* **Data in this exercise**:
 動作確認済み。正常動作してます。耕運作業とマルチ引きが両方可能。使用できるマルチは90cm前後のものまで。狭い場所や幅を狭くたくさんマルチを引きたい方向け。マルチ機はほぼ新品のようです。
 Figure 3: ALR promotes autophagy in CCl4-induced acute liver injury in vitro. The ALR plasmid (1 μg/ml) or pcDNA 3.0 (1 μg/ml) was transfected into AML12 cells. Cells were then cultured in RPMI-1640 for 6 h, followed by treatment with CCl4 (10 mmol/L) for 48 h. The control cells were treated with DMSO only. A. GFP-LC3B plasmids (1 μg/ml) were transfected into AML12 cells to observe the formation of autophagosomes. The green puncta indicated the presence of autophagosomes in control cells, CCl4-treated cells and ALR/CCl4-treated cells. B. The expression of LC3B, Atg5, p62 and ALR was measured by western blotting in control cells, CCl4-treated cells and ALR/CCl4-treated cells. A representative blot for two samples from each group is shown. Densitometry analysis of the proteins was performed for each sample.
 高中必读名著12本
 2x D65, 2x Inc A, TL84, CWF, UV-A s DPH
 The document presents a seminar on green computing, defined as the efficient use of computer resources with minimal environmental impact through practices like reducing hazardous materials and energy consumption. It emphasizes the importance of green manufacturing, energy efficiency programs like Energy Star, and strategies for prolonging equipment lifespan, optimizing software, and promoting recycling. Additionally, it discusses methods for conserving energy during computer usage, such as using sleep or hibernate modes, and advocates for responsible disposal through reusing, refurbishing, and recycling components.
==
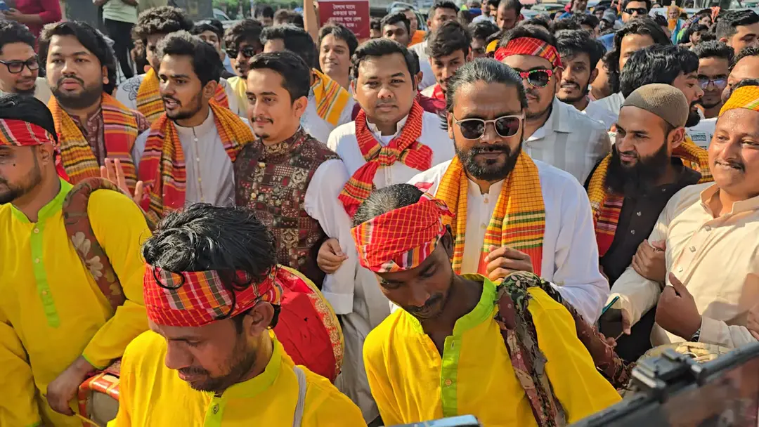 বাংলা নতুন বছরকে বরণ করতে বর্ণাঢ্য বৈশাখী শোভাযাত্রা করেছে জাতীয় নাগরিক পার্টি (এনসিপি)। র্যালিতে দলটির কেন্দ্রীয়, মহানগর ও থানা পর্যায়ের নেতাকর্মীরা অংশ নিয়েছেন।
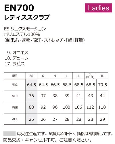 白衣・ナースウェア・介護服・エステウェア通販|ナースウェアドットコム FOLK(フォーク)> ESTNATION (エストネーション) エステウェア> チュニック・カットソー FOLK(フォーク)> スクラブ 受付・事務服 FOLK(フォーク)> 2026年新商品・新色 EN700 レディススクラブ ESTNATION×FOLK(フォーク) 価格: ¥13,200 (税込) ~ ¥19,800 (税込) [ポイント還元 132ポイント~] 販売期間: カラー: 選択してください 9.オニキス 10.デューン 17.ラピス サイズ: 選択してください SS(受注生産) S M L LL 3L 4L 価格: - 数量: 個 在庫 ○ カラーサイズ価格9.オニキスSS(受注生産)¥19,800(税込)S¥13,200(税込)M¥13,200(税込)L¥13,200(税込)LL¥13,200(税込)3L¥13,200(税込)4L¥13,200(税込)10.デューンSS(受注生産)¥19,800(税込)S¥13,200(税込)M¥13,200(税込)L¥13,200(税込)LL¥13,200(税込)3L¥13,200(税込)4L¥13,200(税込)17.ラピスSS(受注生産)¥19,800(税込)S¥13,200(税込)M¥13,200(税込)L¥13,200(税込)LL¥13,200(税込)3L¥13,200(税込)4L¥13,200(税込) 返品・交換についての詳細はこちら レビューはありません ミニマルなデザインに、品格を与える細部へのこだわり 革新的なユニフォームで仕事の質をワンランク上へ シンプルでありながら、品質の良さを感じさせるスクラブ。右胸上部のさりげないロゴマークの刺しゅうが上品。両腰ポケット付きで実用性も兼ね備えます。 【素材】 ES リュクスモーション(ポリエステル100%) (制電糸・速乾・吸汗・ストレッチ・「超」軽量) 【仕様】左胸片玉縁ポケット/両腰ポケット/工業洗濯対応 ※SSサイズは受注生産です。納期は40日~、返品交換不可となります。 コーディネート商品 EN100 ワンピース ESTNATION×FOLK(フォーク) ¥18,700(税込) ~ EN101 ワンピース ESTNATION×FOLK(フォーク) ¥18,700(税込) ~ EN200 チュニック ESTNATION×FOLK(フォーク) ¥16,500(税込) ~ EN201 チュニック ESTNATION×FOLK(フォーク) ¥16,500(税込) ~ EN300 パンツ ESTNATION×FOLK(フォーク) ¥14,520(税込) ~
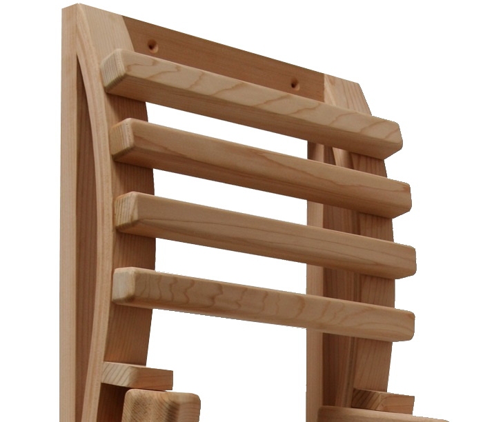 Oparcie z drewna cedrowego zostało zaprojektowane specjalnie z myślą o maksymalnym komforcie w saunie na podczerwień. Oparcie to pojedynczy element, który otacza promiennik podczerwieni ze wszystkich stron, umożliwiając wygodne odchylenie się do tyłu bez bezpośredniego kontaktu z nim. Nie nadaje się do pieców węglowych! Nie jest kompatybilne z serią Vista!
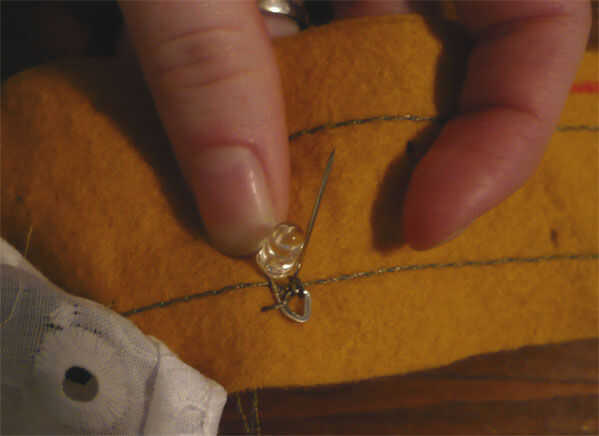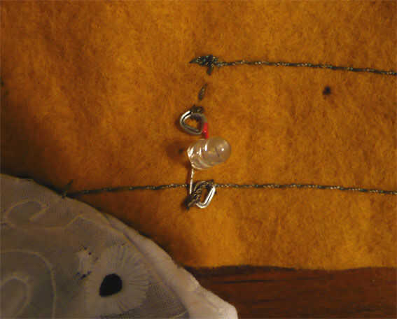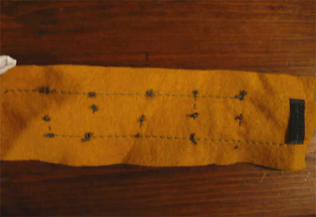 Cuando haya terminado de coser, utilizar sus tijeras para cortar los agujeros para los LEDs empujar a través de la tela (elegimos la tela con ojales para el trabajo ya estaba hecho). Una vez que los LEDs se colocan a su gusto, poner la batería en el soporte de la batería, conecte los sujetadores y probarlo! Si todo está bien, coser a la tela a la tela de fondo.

* **What the exercise asks**:
Each line between the one holding "Oparcie z drewna" and the one holding "Cuando haya terminado", inclusive, should be copied exactly as it appears above, and pictures should be omitted.

* **Answer box**:
 Oparcie z drewna cedrowego zostało zaprojektowane specjalnie z myślą o maksymalnym komforcie w saunie na podczerwień. Oparcie to pojedynczy element, który otacza promiennik podczerwieni ze wszystkich stron, umożliwiając wygodne odchylenie się do tyłu bez bezpośredniego kontaktu z nim. Nie nadaje się do pieców węglowych! Nie jest kompatybilne z serią Vista!
 Cuando haya terminado de coser, utilizar sus tijeras para cortar los agujeros para los LEDs empujar a través de la tela (elegimos la tela con ojales para el trabajo ya estaba hecho). Una vez que los LEDs se colocan a su gusto, poner la batería en el soporte de la batería, conecte los sujetadores y probarlo! Si todo está bien, coser a la tela a la tela de fondo.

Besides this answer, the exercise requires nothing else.